- [EXERCISE] Return the whole of the data exactly.

- [DATA EXCERPT]
== Segment start ==
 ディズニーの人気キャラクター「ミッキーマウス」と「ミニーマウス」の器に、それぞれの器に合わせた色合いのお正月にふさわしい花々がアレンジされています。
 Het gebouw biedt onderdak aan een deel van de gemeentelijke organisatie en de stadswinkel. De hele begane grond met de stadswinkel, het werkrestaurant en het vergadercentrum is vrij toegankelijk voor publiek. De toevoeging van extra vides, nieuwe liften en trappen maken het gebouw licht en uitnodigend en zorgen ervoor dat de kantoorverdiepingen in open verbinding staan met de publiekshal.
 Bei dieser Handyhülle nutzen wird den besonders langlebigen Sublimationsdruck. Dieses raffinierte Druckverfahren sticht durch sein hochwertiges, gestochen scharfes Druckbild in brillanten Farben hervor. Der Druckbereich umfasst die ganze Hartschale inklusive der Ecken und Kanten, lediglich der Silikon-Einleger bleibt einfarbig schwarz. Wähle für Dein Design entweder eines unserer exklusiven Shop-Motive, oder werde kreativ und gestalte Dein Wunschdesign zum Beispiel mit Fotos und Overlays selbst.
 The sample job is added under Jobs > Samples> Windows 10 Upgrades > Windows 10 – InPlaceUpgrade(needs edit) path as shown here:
== Segment end ==
- [WORKED SOLUTION]
 ディズニーの人気キャラクター「ミッキーマウス」と「ミニーマウス」の器に、それぞれの器に合わせた色合いのお正月にふさわしい花々がアレンジされています。
 Het gebouw biedt onderdak aan een deel van de gemeentelijke organisatie en de stadswinkel. De hele begane grond met de stadswinkel, het werkrestaurant en het vergadercentrum is vrij toegankelijk voor publiek. De toevoeging van extra vides, nieuwe liften en trappen maken het gebouw licht en uitnodigend en zorgen ervoor dat de kantoorverdiepingen in open verbinding staan met de publiekshal.
 Bei dieser Handyhülle nutzen wird den besonders langlebigen Sublimationsdruck. Dieses raffinierte Druckverfahren sticht durch sein hochwertiges, gestochen scharfes Druckbild in brillanten Farben hervor. Der Druckbereich umfasst die ganze Hartschale inklusive der Ecken und Kanten, lediglich der Silikon-Einleger bleibt einfarbig schwarz. Wähle für Dein Design entweder eines unserer exklusiven Shop-Motive, oder werde kreativ und gestalte Dein Wunschdesign zum Beispiel mit Fotos und Overlays selbst.
 The sample job is added under Jobs > Samples> Windows 10 Upgrades > Windows 10 – InPlaceUpgrade(needs edit) path as shown here:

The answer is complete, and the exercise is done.